#### Dataset section
_____

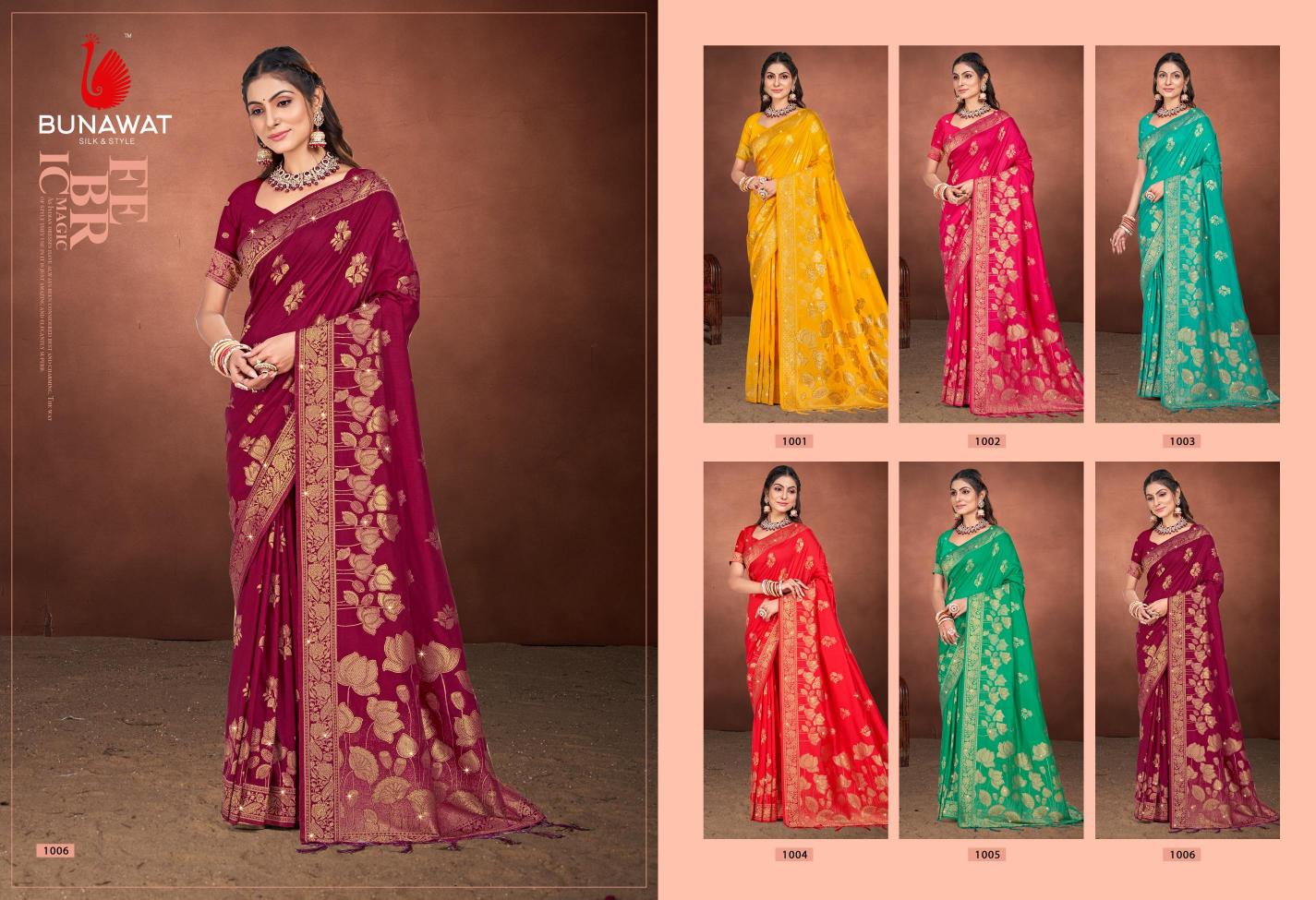 Looking for Shubhshree Vol-5 Party Wear New Designer Fancy Silk Sarees Collection Full Catalouge at Best Price? Buy Now Shubhshree Vol-5 Party Wear New Designer Fancy Silk Sarees Collection at Wholesale Rate of Rs 8394 with Total 6 Pcs from authroized dealer and supplier of Bunawat Brand. Cost of Each piece is just only Rs 1399 which is very low and affordable price to resale the product in your retail store. rrgandhi is Surat based Wholesale Supplier & Dealer of Bunawat Brand. Click on Brand name to Know more about Brand's products.
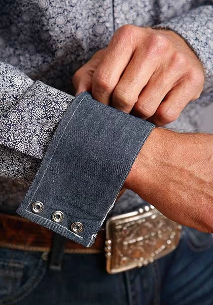 Stetson Mens Snap 2 Pocket Vintage Vine Blue
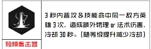短频轰击器:3秒内对同一个敌方英雄造成3次普攻or技能命中(跳一次伤害就算命中一次比如多段伤害的技能,多段伤害的普攻),对敌方造成一定物理或法术伤害,冷却时间30秒(随等级减少冷却时间)

_____

#### What is needed
Apart from the images, reproduce the listing exactly as it appears.

#### Written solution
 Looking for Shubhshree Vol-5 Party Wear New Designer Fancy Silk Sarees Collection Full Catalouge at Best Price? Buy Now Shubhshree Vol-5 Party Wear New Designer Fancy Silk Sarees Collection at Wholesale Rate of Rs 8394 with Total 6 Pcs from authroized dealer and supplier of Bunawat Brand. Cost of Each piece is just only Rs 1399 which is very low and affordable price to resale the product in your retail store. rrgandhi is Surat based Wholesale Supplier & Dealer of Bunawat Brand. Click on Brand name to Know more about Brand's products.
 Stetson Mens Snap 2 Pocket Vintage Vine Blue
短频轰击器:3秒内对同一个敌方英雄造成3次普攻or技能命中(跳一次伤害就算命中一次比如多段伤害的技能,多段伤害的普攻),对敌方造成一定物理或法术伤害,冷却时间30秒(随等级减少冷却时间)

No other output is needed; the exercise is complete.